Extracted material:
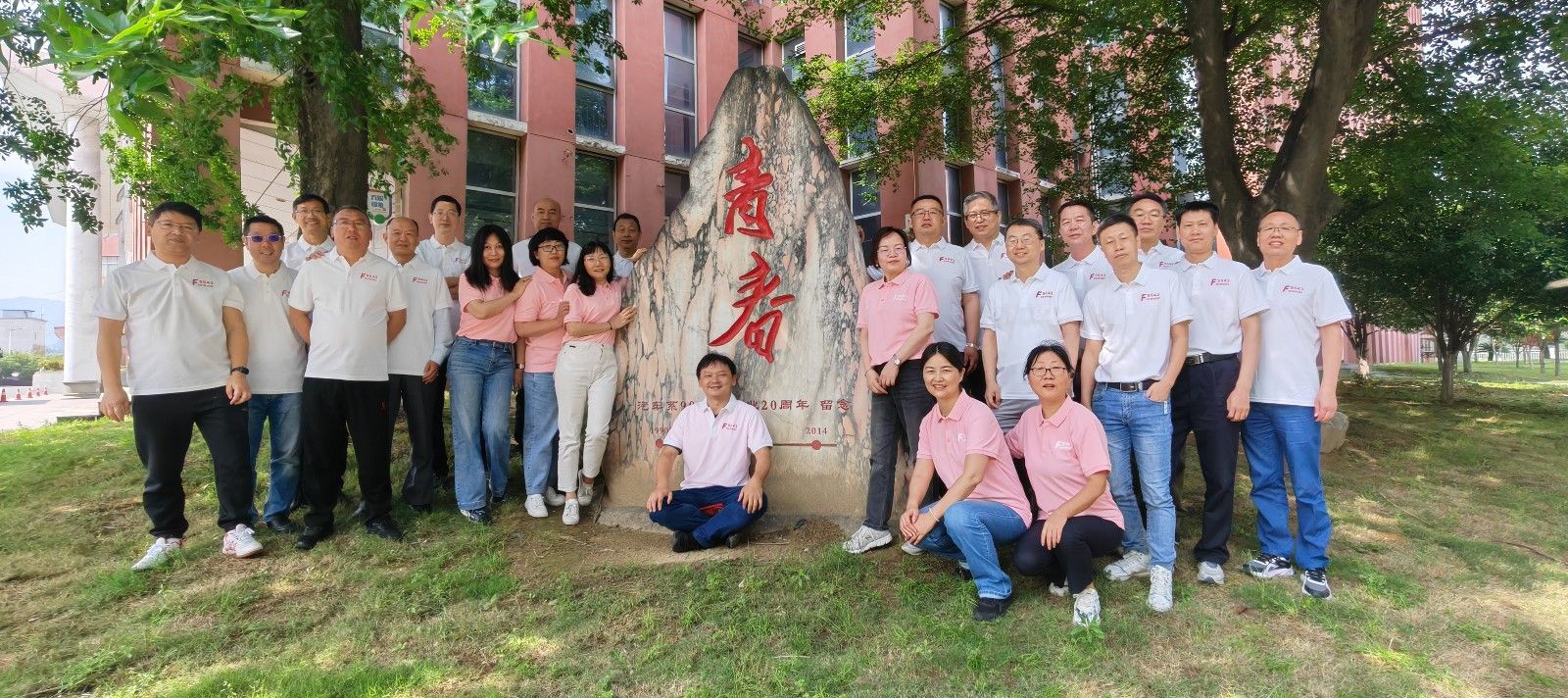 在校史馆中,员工们在泛黄的老照片前驻足许久,争相寻找自己当年的宿舍和教学楼所在位置,共同追忆那段留在汽院的求学岁月和奋斗拼搏的青春年华,并集体前往该班员工在毕业20周年返校时为母校赠送的“青春”石头前合影留恋。
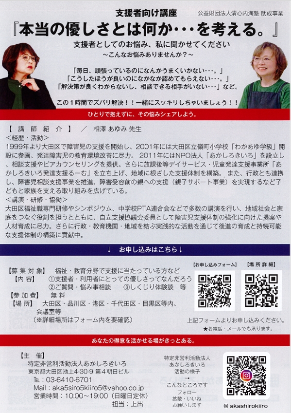 (この講座は「公益財団法人清心内海塾助成金」により開催しております。)
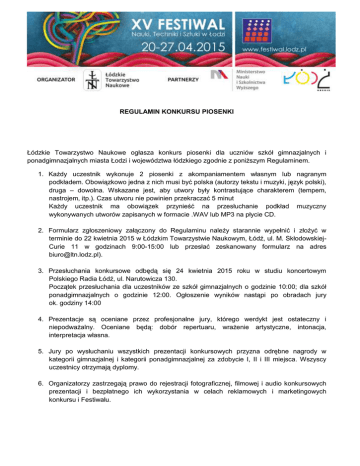REGULAMIN KONKURSU PIOSENKI Łódzkie Towarzystwo Naukowe ogłasza konkurs piosenki dla uczniów szkół gimnazjalnych i ponadgimnazjalnych miasta Łodzi i województwa łódzkiego zgodnie z poniższym Regulaminem. 1. Każdy uczestnik wykonuje 2 piosenki z akompaniamentem własnym lub nagranym podkładem. Obowiązkowo jedna z nich musi być polska (autorzy tekstu i muzyki, język polski), druga – dowolna. Wskazane jest, aby utwory były kontrastujące charakterem (tempem, nastrojem, itp.). Czas utworu nie powinien przekraczać 5 minut Każdy uczestnik ma obowiązek przynieść na przesłuchanie podkład muzyczny wykonywanych utworów zapisanych w formacie .WAV lub MP3 na płycie CD. 2. Formularz zgłoszeniowy załączony do Regulaminu należy starannie wypełnić i złożyć w terminie do 22 kwietnia 2015 w Łódzkim Towarzystwie Naukowym, Łódź, ul. M. SkłodowskiejCurie 11 w godzinach 9:00-15:00 lub przesłać zeskanowany formularz na adres [email protected]). 3. Przesłuchania konkursowe odbędą się 24 kwietnia 2015 roku w studiu koncertowym Polskiego Radia Łódź, ul. Narutowicza 130. Początek przesłuchania dla uczestników ze szkół gimnazjalnych o godzinie 10:00; dla szkół ponadgimnazjalnych o godzinie 12:00. Ogłoszenie wyników nastąpi po obradach jury ok. godziny 14:00 4. Prezentacje są oceniane przez profesjonalne jury, którego werdykt jest ostateczny i niepodważalny. Oceniane będą: dobór repertuaru, wrażenie artystyczne, intonacja, interpretacja własna. 5. Jury po wysłuchaniu wszystkich prezentacji konkursowych przyzna odrębne nagrody w kategorii gimnazjalnej i kategorii ponadgimnazjalnej za zdobycie I, II i III miejsca. Wszyscy uczestnicy otrzymają dyplomy. 6. Organizatorzy zastrzegają prawo do rejestracji fotograficznej, filmowej i audio konkursowych prezentacji i bezpłatnego ich wykorzystania w celach reklamowych i marketingowych konkursu i Festiwalu.
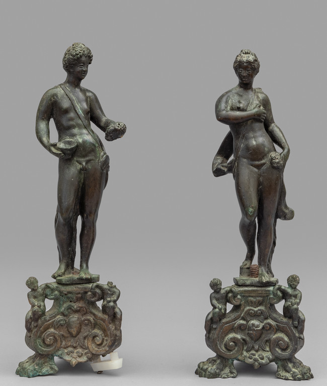 Bacco e Venere, coppia di sculture in bronzo a patina scura poggianti su basi sorrette da tre putti, sec.XVII
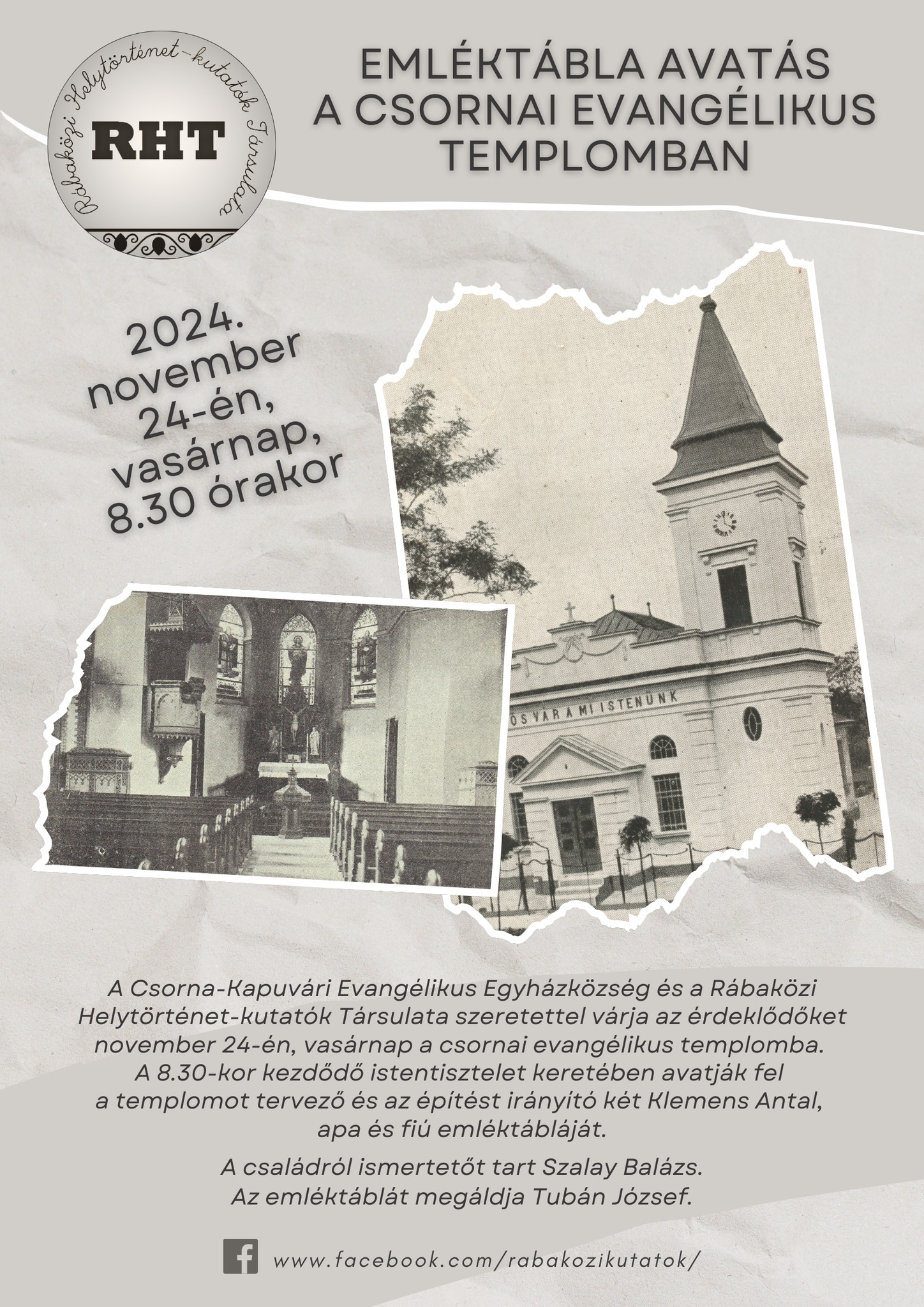 Ahogy korábbi cikkünkben már említettük, ezen a vasárnapon Csorna újabb emléktáblával gazdagodik. Az evangélikus templomban kerül sor a két építész, apa és fia, Klemens Antal és családja tiszteletére készült emlékmű felavatására.
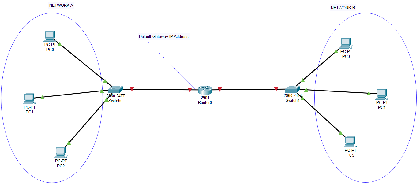 Yukarıdaki örneği inceleyelim. Network A'da bulunan bir bilgisayarın Network B'deki bir bilgisayara veri göndereceğini düşünelim. Bu durumda Network'e ait Switch'e bu veri gelir. Daha sonra Switch, eğer verinin gideceği yer aynı ağda ise bunu direkt olarak verir. Fakat aynı ağda değilse bunu direkt olarak Default Gateway'e yollar.
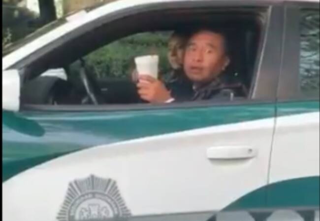 En redes sociales un vídeo se ha hecho viral donde exhiben a dos policías que se encuentran estacionados en una ciclovía mientras desayunaban.
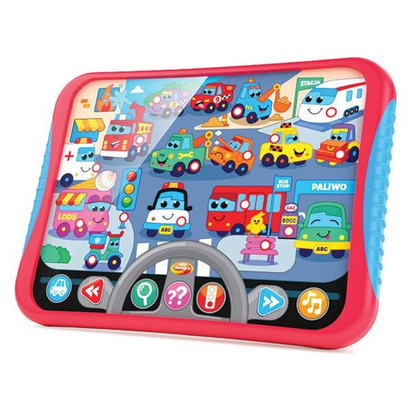 Edukacyjny tablet w przystępny sposób zapozna maluchy z zasadami ruchu drogowego i opowie im o różnych pojazdach, które spotkać można na drodze. W trybie Gra na najmłodszych czeka wycieczka po mieście, podczas, której ich zadaniem będzie naciskać odpowiednie przyciski na zabawce. W trybie quiz, tablet wypowiada rymowane zagadki, a odpowiedź na nie także kryje się wśród obrazków widocznych na tablecie. Zabawę umilą realistyczne odgłosy i aż 7 wesołych melodii. Tablet został wyposażony w regulację głośności oraz przełącznik On/Off.
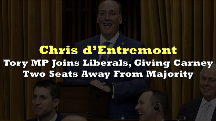 Nova Scotia MP Chris d’Entremont left the Conservative caucus on Tuesday and joined the Liberals, moving Prime Minister Mark Carney one seat closer to a majority that would secure his mandate until 2029.

Instructions for the task:
Give back the entries verbatim. Do not include any picture.

Solution to the exercise:
 在校史馆中,员工们在泛黄的老照片前驻足许久,争相寻找自己当年的宿舍和教学楼所在位置,共同追忆那段留在汽院的求学岁月和奋斗拼搏的青春年华,并集体前往该班员工在毕业20周年返校时为母校赠送的“青春”石头前合影留恋。
 (この講座は「公益財団法人清心内海塾助成金」により開催しております。)
REGULAMIN KONKURSU PIOSENKI Łódzkie Towarzystwo Naukowe ogłasza konkurs piosenki dla uczniów szkół gimnazjalnych i ponadgimnazjalnych miasta Łodzi i województwa łódzkiego zgodnie z poniższym Regulaminem. 1. Każdy uczestnik wykonuje 2 piosenki z akompaniamentem własnym lub nagranym podkładem. Obowiązkowo jedna z nich musi być polska (autorzy tekstu i muzyki, język polski), druga – dowolna. Wskazane jest, aby utwory były kontrastujące charakterem (tempem, nastrojem, itp.). Czas utworu nie powinien przekraczać 5 minut Każdy uczestnik ma obowiązek przynieść na przesłuchanie podkład muzyczny wykonywanych utworów zapisanych w formacie .WAV lub MP3 na płycie CD. 2. Formularz zgłoszeniowy załączony do Regulaminu należy starannie wypełnić i złożyć w terminie do 22 kwietnia 2015 w Łódzkim Towarzystwie Naukowym, Łódź, ul. M. SkłodowskiejCurie 11 w godzinach 9:00-15:00 lub przesłać zeskanowany formularz na adres [email protected]). 3. Przesłuchania konkursowe odbędą się 24 kwietnia 2015 roku w studiu koncertowym Polskiego Radia Łódź, ul. Narutowicza 130. Początek przesłuchania dla uczestników ze szkół gimnazjalnych o godzinie 10:00; dla szkół ponadgimnazjalnych o godzinie 12:00. Ogłoszenie wyników nastąpi po obradach jury ok. godziny 14:00 4. Prezentacje są oceniane przez profesjonalne jury, którego werdykt jest ostateczny i niepodważalny. Oceniane będą: dobór repertuaru, wrażenie artystyczne, intonacja, interpretacja własna. 5. Jury po wysłuchaniu wszystkich prezentacji konkursowych przyzna odrębne nagrody w kategorii gimnazjalnej i kategorii ponadgimnazjalnej za zdobycie I, II i III miejsca. Wszyscy uczestnicy otrzymają dyplomy. 6. Organizatorzy zastrzegają prawo do rejestracji fotograficznej, filmowej i audio konkursowych prezentacji i bezpłatnego ich wykorzystania w celach reklamowych i marketingowych konkursu i Festiwalu.
 Bacco e Venere, coppia di sculture in bronzo a patina scura poggianti su basi sorrette da tre putti, sec.XVII
 Ahogy korábbi cikkünkben már említettük, ezen a vasárnapon Csorna újabb emléktáblával gazdagodik. Az evangélikus templomban kerül sor a két építész, apa és fia, Klemens Antal és családja tiszteletére készült emlékmű felavatására.
 Yukarıdaki örneği inceleyelim. Network A'da bulunan bir bilgisayarın Network B'deki bir bilgisayara veri göndereceğini düşünelim. Bu durumda Network'e ait Switch'e bu veri gelir. Daha sonra Switch, eğer verinin gideceği yer aynı ağda ise bunu direkt olarak verir. Fakat aynı ağda değilse bunu direkt olarak Default Gateway'e yollar.
 En redes sociales un vídeo se ha hecho viral donde exhiben a dos policías que se encuentran estacionados en una ciclovía mientras desayunaban.
 Edukacyjny tablet w przystępny sposób zapozna maluchy z zasadami ruchu drogowego i opowie im o różnych pojazdach, które spotkać można na drodze. W trybie Gra na najmłodszych czeka wycieczka po mieście, podczas, której ich zadaniem będzie naciskać odpowiednie przyciski na zabawce. W trybie quiz, tablet wypowiada rymowane zagadki, a odpowiedź na nie także kryje się wśród obrazków widocznych na tablecie. Zabawę umilą realistyczne odgłosy i aż 7 wesołych melodii. Tablet został wyposażony w regulację głośności oraz przełącznik On/Off.
 Nova Scotia MP Chris d’Entremont left the Conservative caucus on Tuesday and joined the Liberals, moving Prime Minister Mark Carney one seat closer to a majority that would secure his mandate until 2029.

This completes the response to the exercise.